▶ [Available data]:

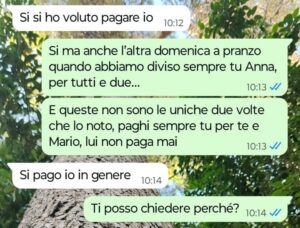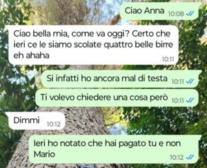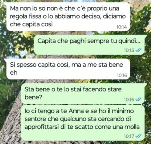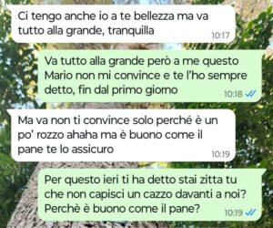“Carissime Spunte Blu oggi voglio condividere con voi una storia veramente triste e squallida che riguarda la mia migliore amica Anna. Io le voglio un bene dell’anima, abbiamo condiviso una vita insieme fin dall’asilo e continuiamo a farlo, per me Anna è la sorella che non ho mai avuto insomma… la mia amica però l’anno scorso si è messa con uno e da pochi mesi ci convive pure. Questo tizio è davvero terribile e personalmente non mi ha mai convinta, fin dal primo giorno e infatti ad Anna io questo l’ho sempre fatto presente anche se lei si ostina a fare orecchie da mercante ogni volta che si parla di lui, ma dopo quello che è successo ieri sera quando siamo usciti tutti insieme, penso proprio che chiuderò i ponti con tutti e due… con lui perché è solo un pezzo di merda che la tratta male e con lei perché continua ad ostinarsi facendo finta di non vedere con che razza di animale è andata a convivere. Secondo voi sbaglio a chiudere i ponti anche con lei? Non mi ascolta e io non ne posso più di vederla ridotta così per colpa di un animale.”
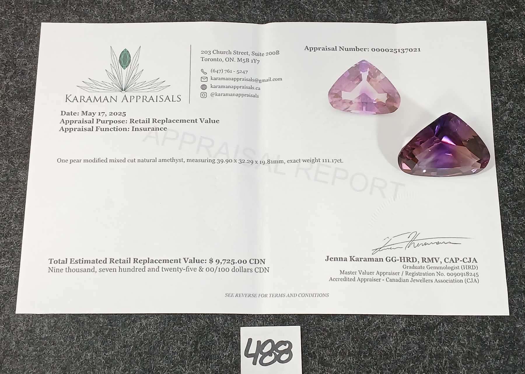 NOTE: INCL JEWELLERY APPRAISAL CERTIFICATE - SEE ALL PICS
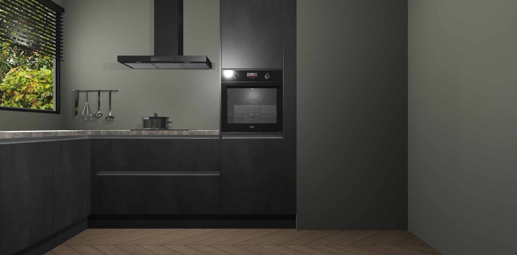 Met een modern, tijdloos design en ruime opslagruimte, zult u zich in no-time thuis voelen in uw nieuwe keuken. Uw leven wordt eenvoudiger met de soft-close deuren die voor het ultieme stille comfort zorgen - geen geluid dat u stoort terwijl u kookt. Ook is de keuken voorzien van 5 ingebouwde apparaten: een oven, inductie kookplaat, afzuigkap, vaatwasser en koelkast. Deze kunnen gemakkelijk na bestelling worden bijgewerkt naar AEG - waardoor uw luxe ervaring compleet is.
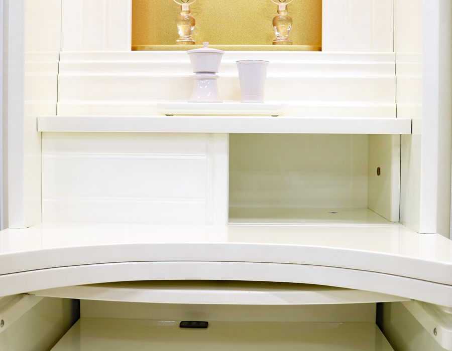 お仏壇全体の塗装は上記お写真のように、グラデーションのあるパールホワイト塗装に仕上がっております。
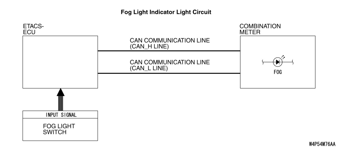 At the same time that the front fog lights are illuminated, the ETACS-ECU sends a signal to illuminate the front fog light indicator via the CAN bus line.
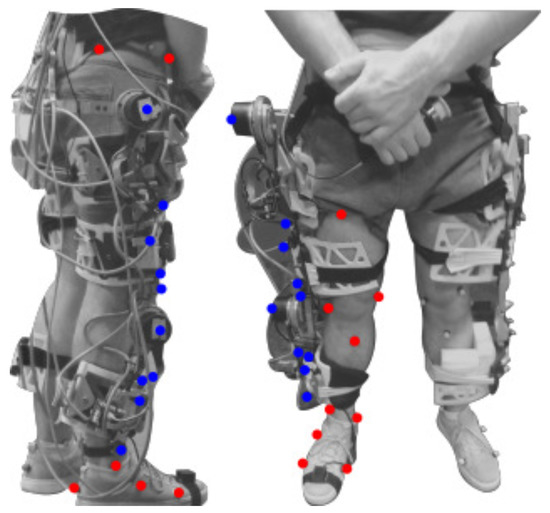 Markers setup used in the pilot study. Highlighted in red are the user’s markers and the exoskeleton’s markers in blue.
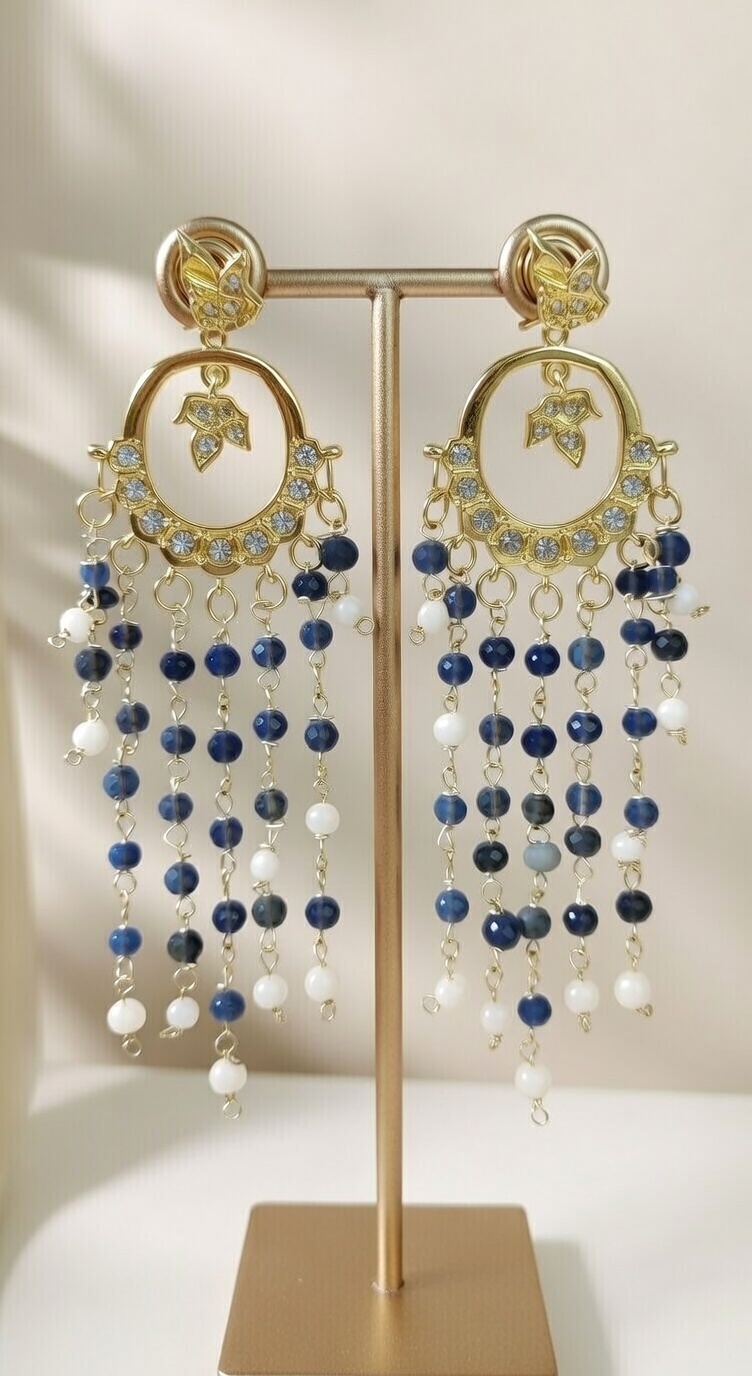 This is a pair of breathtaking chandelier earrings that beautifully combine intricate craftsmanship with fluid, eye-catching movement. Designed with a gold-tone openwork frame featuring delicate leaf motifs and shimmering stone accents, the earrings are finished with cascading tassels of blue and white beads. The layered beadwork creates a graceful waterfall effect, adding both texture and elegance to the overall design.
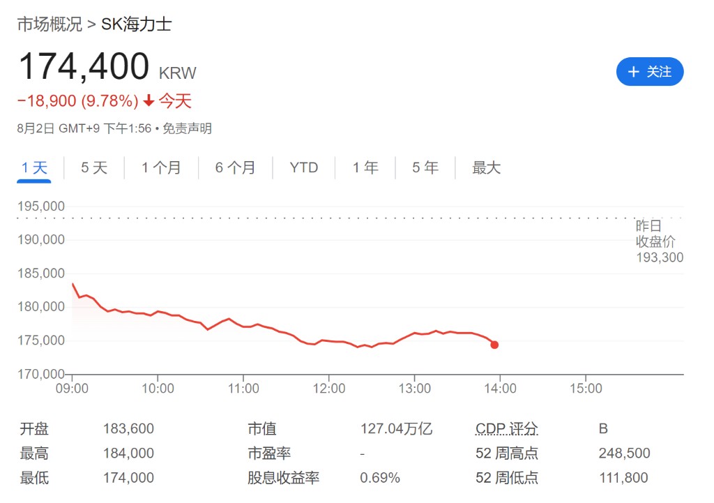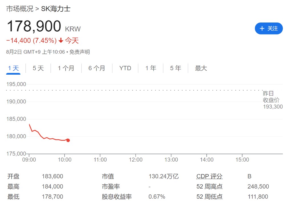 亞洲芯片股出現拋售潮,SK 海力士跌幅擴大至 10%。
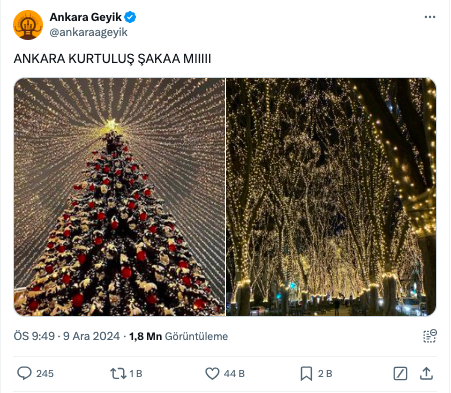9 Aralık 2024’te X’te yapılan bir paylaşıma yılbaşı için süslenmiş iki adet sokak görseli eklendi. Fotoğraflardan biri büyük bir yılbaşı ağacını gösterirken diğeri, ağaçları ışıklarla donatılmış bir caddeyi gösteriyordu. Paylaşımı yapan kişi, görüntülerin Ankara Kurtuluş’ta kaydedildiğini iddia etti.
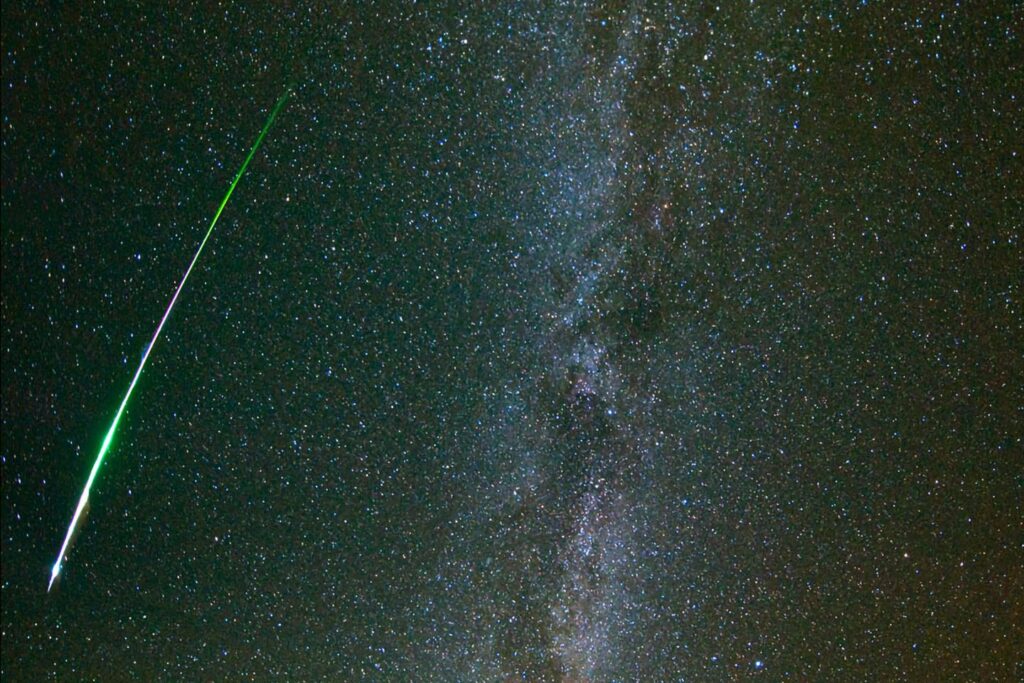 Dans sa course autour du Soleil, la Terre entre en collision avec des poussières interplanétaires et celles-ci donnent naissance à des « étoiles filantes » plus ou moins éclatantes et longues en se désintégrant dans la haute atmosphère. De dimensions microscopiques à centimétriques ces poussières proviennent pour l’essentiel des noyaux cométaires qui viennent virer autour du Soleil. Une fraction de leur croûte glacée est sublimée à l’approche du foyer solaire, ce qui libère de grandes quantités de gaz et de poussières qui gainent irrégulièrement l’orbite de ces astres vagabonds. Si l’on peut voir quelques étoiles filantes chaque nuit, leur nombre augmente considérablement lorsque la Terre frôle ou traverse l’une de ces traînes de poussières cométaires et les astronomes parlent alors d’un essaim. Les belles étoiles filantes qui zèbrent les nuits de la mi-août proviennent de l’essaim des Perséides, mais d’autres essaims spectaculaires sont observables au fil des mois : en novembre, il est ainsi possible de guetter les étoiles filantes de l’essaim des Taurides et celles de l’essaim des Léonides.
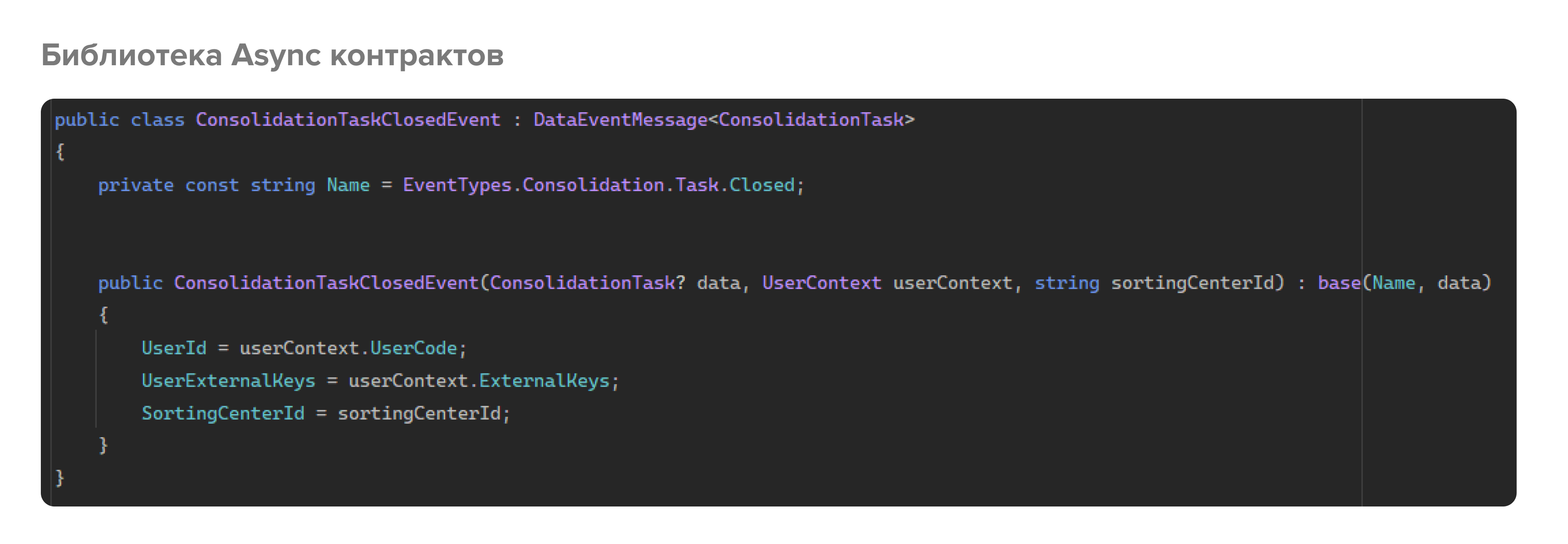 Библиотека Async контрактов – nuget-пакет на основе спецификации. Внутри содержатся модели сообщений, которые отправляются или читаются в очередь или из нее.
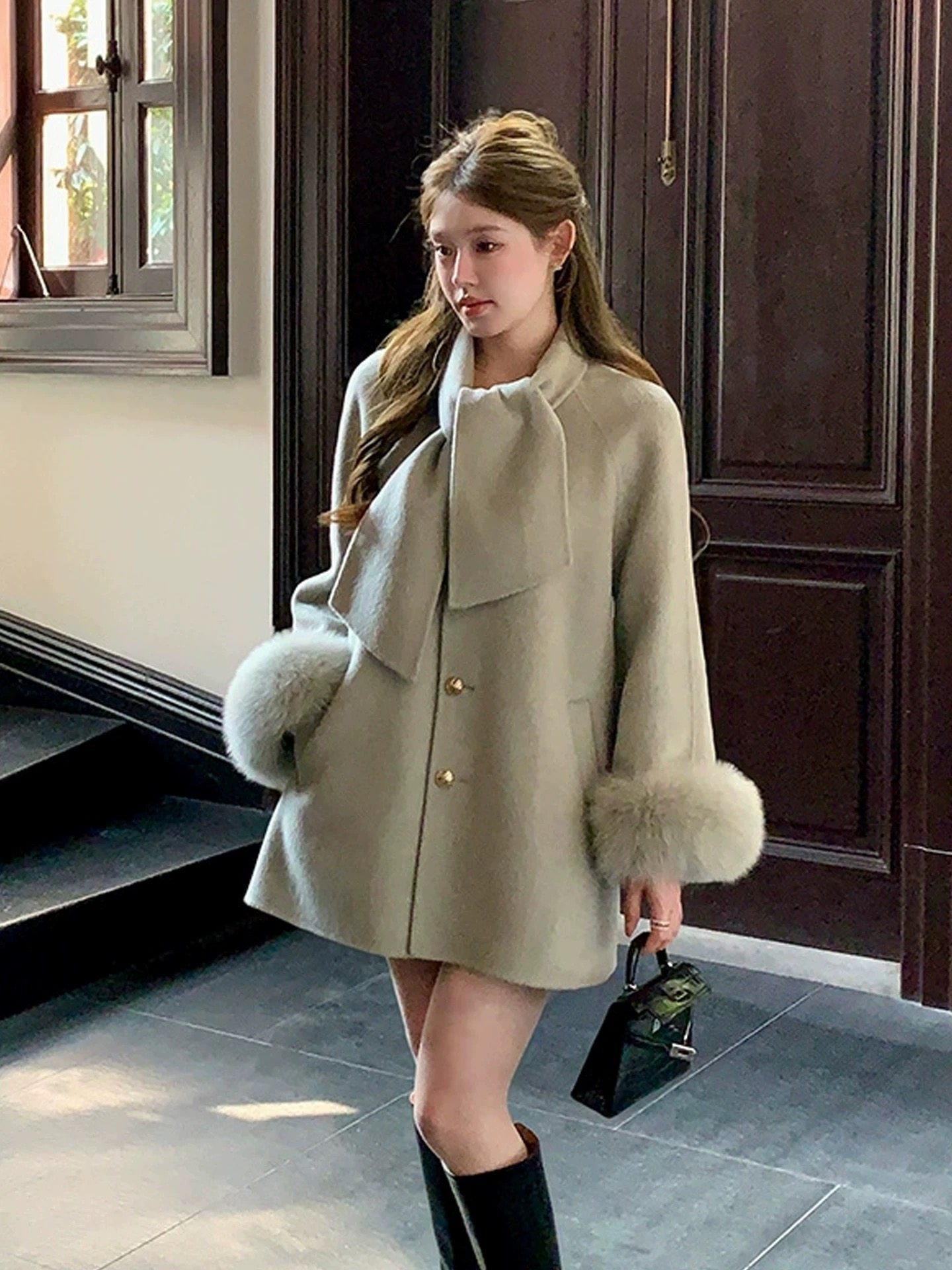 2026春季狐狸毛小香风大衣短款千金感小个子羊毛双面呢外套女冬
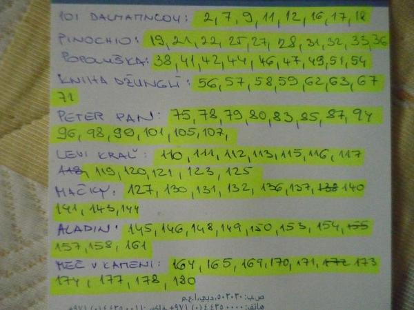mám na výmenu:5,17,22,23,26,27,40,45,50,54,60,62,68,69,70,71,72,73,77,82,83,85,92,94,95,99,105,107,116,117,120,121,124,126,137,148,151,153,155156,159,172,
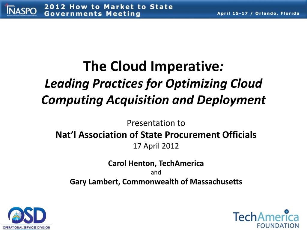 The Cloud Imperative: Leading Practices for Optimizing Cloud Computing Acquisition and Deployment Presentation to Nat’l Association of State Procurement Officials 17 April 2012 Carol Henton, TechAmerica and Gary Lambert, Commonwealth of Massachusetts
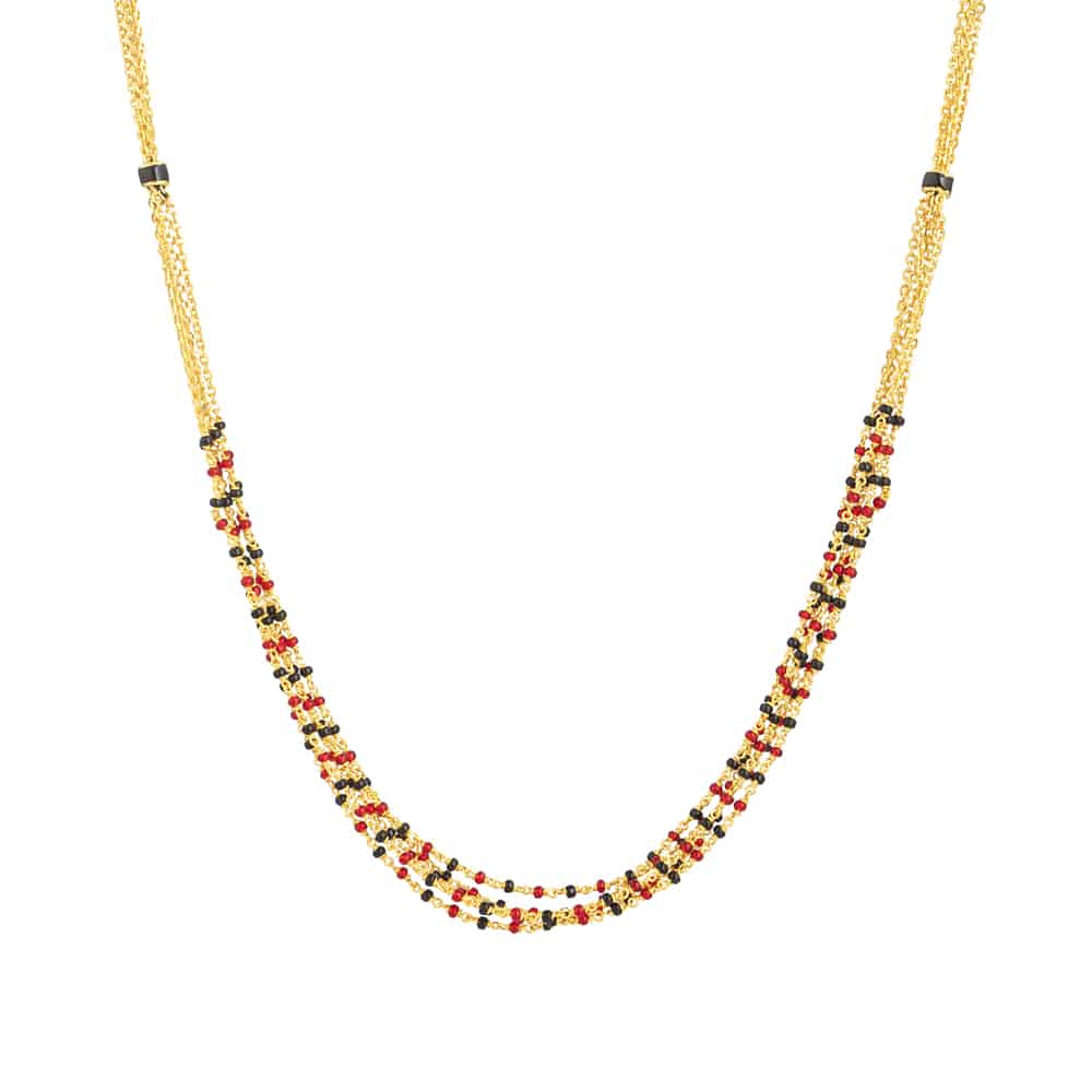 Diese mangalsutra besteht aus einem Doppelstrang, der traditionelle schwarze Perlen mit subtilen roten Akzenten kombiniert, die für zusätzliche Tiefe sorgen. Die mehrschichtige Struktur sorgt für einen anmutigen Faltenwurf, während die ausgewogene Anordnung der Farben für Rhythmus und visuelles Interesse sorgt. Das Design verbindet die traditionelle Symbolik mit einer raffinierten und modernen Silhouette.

▶ [Exercise]:
Every record above should come back exactly, but without its pictures.

▶ [Solution to this problem]:
“Carissime Spunte Blu oggi voglio condividere con voi una storia veramente triste e squallida che riguarda la mia migliore amica Anna. Io le voglio un bene dell’anima, abbiamo condiviso una vita insieme fin dall’asilo e continuiamo a farlo, per me Anna è la sorella che non ho mai avuto insomma… la mia amica però l’anno scorso si è messa con uno e da pochi mesi ci convive pure. Questo tizio è davvero terribile e personalmente non mi ha mai convinta, fin dal primo giorno e infatti ad Anna io questo l’ho sempre fatto presente anche se lei si ostina a fare orecchie da mercante ogni volta che si parla di lui, ma dopo quello che è successo ieri sera quando siamo usciti tutti insieme, penso proprio che chiuderò i ponti con tutti e due… con lui perché è solo un pezzo di merda che la tratta male e con lei perché continua ad ostinarsi facendo finta di non vedere con che razza di animale è andata a convivere. Secondo voi sbaglio a chiudere i ponti anche con lei? Non mi ascolta e io non ne posso più di vederla ridotta così per colpa di un animale.”
 NOTE: INCL JEWELLERY APPRAISAL CERTIFICATE - SEE ALL PICS
 Met een modern, tijdloos design en ruime opslagruimte, zult u zich in no-time thuis voelen in uw nieuwe keuken. Uw leven wordt eenvoudiger met de soft-close deuren die voor het ultieme stille comfort zorgen - geen geluid dat u stoort terwijl u kookt. Ook is de keuken voorzien van 5 ingebouwde apparaten: een oven, inductie kookplaat, afzuigkap, vaatwasser en koelkast. Deze kunnen gemakkelijk na bestelling worden bijgewerkt naar AEG - waardoor uw luxe ervaring compleet is.
 お仏壇全体の塗装は上記お写真のように、グラデーションのあるパールホワイト塗装に仕上がっております。
 At the same time that the front fog lights are illuminated, the ETACS-ECU sends a signal to illuminate the front fog light indicator via the CAN bus line.
 Markers setup used in the pilot study. Highlighted in red are the user’s markers and the exoskeleton’s markers in blue.
 This is a pair of breathtaking chandelier earrings that beautifully combine intricate craftsmanship with fluid, eye-catching movement. Designed with a gold-tone openwork frame featuring delicate leaf motifs and shimmering stone accents, the earrings are finished with cascading tassels of blue and white beads. The layered beadwork creates a graceful waterfall effect, adding both texture and elegance to the overall design.
 亞洲芯片股出現拋售潮,SK 海力士跌幅擴大至 10%。
9 Aralık 2024’te X’te yapılan bir paylaşıma yılbaşı için süslenmiş iki adet sokak görseli eklendi. Fotoğraflardan biri büyük bir yılbaşı ağacını gösterirken diğeri, ağaçları ışıklarla donatılmış bir caddeyi gösteriyordu. Paylaşımı yapan kişi, görüntülerin Ankara Kurtuluş’ta kaydedildiğini iddia etti.
 Dans sa course autour du Soleil, la Terre entre en collision avec des poussières interplanétaires et celles-ci donnent naissance à des « étoiles filantes » plus ou moins éclatantes et longues en se désintégrant dans la haute atmosphère. De dimensions microscopiques à centimétriques ces poussières proviennent pour l’essentiel des noyaux cométaires qui viennent virer autour du Soleil. Une fraction de leur croûte glacée est sublimée à l’approche du foyer solaire, ce qui libère de grandes quantités de gaz et de poussières qui gainent irrégulièrement l’orbite de ces astres vagabonds. Si l’on peut voir quelques étoiles filantes chaque nuit, leur nombre augmente considérablement lorsque la Terre frôle ou traverse l’une de ces traînes de poussières cométaires et les astronomes parlent alors d’un essaim. Les belles étoiles filantes qui zèbrent les nuits de la mi-août proviennent de l’essaim des Perséides, mais d’autres essaims spectaculaires sont observables au fil des mois : en novembre, il est ainsi possible de guetter les étoiles filantes de l’essaim des Taurides et celles de l’essaim des Léonides.
 Библиотека Async контрактов – nuget-пакет на основе спецификации. Внутри содержатся модели сообщений, которые отправляются или читаются в очередь или из нее.
 2026春季狐狸毛小香风大衣短款千金感小个子羊毛双面呢外套女冬
mám na výmenu:5,17,22,23,26,27,40,45,50,54,60,62,68,69,70,71,72,73,77,82,83,85,92,94,95,99,105,107,116,117,120,121,124,126,137,148,151,153,155156,159,172,
 The Cloud Imperative: Leading Practices for Optimizing Cloud Computing Acquisition and Deployment Presentation to Nat’l Association of State Procurement Officials 17 April 2012 Carol Henton, TechAmerica and Gary Lambert, Commonwealth of Massachusetts
 Diese mangalsutra besteht aus einem Doppelstrang, der traditionelle schwarze Perlen mit subtilen roten Akzenten kombiniert, die für zusätzliche Tiefe sorgen. Die mehrschichtige Struktur sorgt für einen anmutigen Faltenwurf, während die ausgewogene Anordnung der Farben für Rhythmus und visuelles Interesse sorgt. Das Design verbindet die traditionelle Symbolik mit einer raffinierten und modernen Silhouette.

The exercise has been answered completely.